I updated the answer based on your clarifications.
There are 4 cases you need to investigate:
1 SN exists
2 SN does not exist
2.1 Get range before SN
2.2 Get range after SN
Intuitively, I'd definitely break it into two blocks:
1 SN exists, so serve it back to the client. Here is what it looks like:
http://solrserver.us-west-2.compute.amazonaws.com:8983/solr/hellosolr/select?indent=on&q=id:S9V7464-APL-KIT3&wt=json
The response is like:
{
"responseHeader":{
"status":0,
"QTime":0,
"params":{
"q":"id:S9V7464-APL-KIT3",
"indent":"on",
"wt":"json"}},
"response":{"numFound":1,"start":0,"docs":[
{
"id":"S9V7464-APL-KIT3",
...
If your SN does not exist, the response returns "numFound":1, this is when you need to run your searches. So if there is no doc, the query would look the following:
http://solrserver.us-west-2.compute.amazonaws.com:8983/solr/hellosolr/select?indent=on&q=id:S9V7464-APL-KIT5&rows=1&sort=id%20asc&start=0&wt=json
The response looks like:
{
"responseHeader":{
"status":0,
"QTime":0,
"params":{
"q":"id:S9V7464-APL-KIT5",
"indent":"on",
"start":"0",
"sort":"id asc",
"rows":"1",
"wt":"json"}},
"response":{"numFound":0,"start":0,"docs":[]
}}
2.1 So you need the next neighbour before the SN. There are two things I'd add to the descending range search, sorting and a limit to the number of answers.

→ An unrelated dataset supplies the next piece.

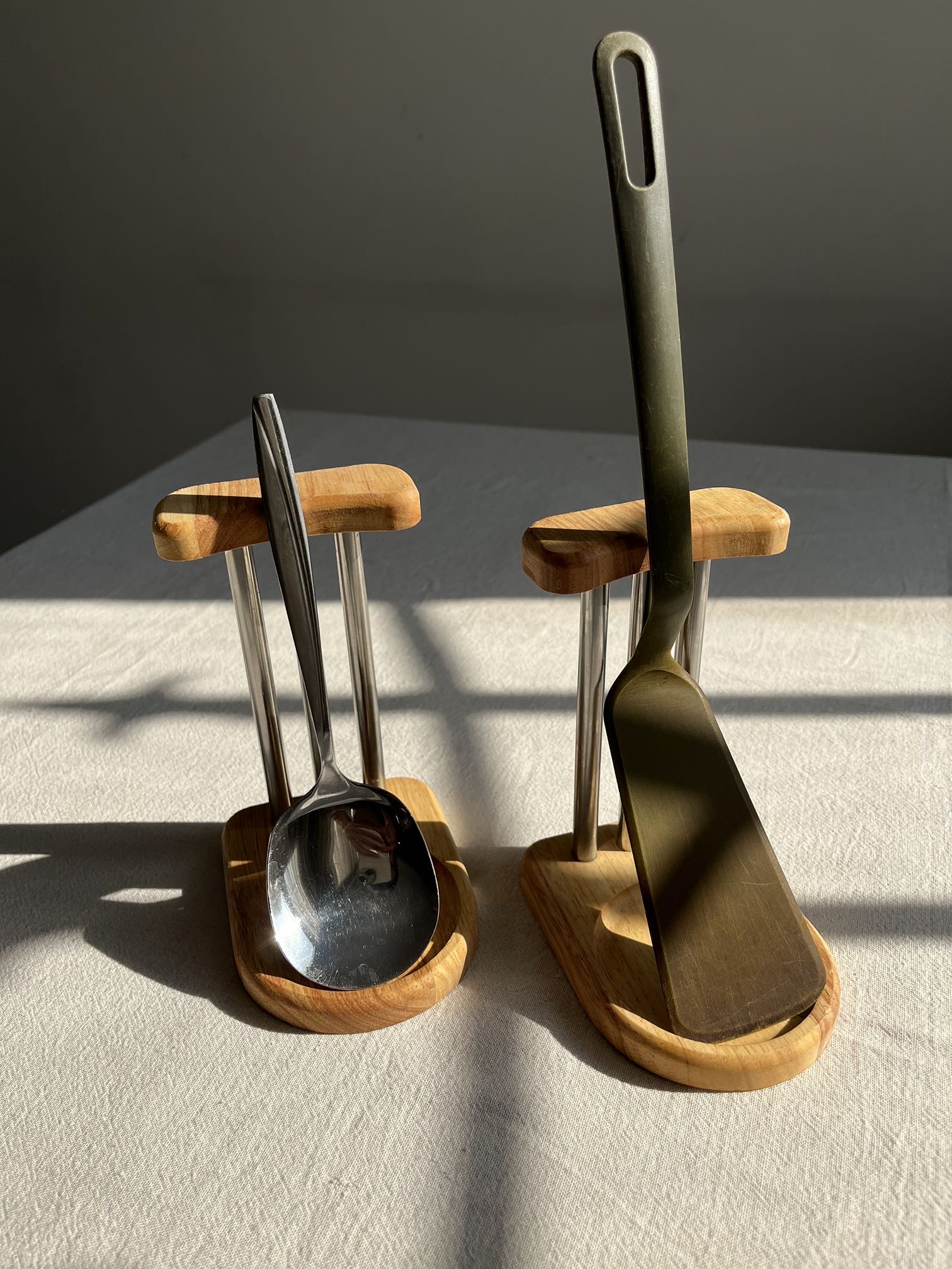 دیگه لازم نیست قاشق داغ یا کفگیر چرب رو روی کابینت یا پیشخوان بگذاری؛ این جاقاشقی مانع کثیف شدن فضای آشپزخانه میشه و همزمان ظاهر شیک و مینیمال آشپزخونه رو حفظ میکنه. ترکیب چوب طبیعی و استیل براق باعث شده هم زیبایی داشته باشه هم دوام بالا.

Here is what the query would like:
http://solrserver.us-west-2.compute.amazonaws.com:8983/solr/hellosolr/select?indent=on&q=id:[*%20TO%20S9V7464-APL-KIT5]&rows=1&sort=id%20desc&start=0&wt=json
The response would look like:
{
"responseHeader":{
"status":0,
"QTime":0,
"params":{
"q":"id:[* TO S9V7464-APL-KIT5]",
"indent":"on",
"start":"0",
"sort":"id desc",
"rows":"1",
"wt":"json"}},
"response":{"numFound":25,"start":0,"docs":[
{
"id":"S9V7464-APL-KIT3",
"name":["Belkin Mobile Power Cord for iPod w/ Dock"],
"manu":["Belkin"],
"manu_id_s":"belkin",
"cat":["electronics",
"connector"],
"features":["car power adapter, white"],
"weight":[6.7],
"price":[19.95],
"popularity":[1],
"inStock":[false],
"store":["45.18014,-93.87741"],
"manufacturedate_dt":"2005-08-01T16:30:25Z",
"_version_":1547654166135963648}]
}}
2.2 You need an ascending range, sorted and limited by the number of returned docs. Something like:
http://solrserver.us-west-2.compute.amazonaws.com:8983/solr/hellosolr/select?indent=on&q=id:[S9V7464-APL-KIT5%20TO%20*]&rows=1&sort=id%20asc&start=0&wt=json
The response would be similar to this:
{
"responseHeader":{
"status":0,
"QTime":0,
"params":{
"q":"id:[S9V7464-APL-KIT5 TO *]",
"indent":"on",
"start":"0",
"sort":"id asc",
"rows":"1",
"wt":"json"}},
"response":{"numFound":8,"start":0,"docs":[
{
"id":"S9V7464-APL-KIT7",
"name":["Belkin Mobile Power Cord for iPod w/ Dock"],
"manu":["Belkin"],
"manu_id_s":"belkin",
"cat":["electronics","connector"],
"features":["car power adapter, white"],
"weight":[6.7],
"price":[19.95],
"popularity":[1],
"inStock":[false],
"store":["45.18014,-93.87741"],
"manufacturedate_dt":"2005-08-01T16:30:25Z",
"_version_":1547654166137012224}]
}}
Increasing rows returns more documents, modifying start can be used as an offset to get the Nth neighbour.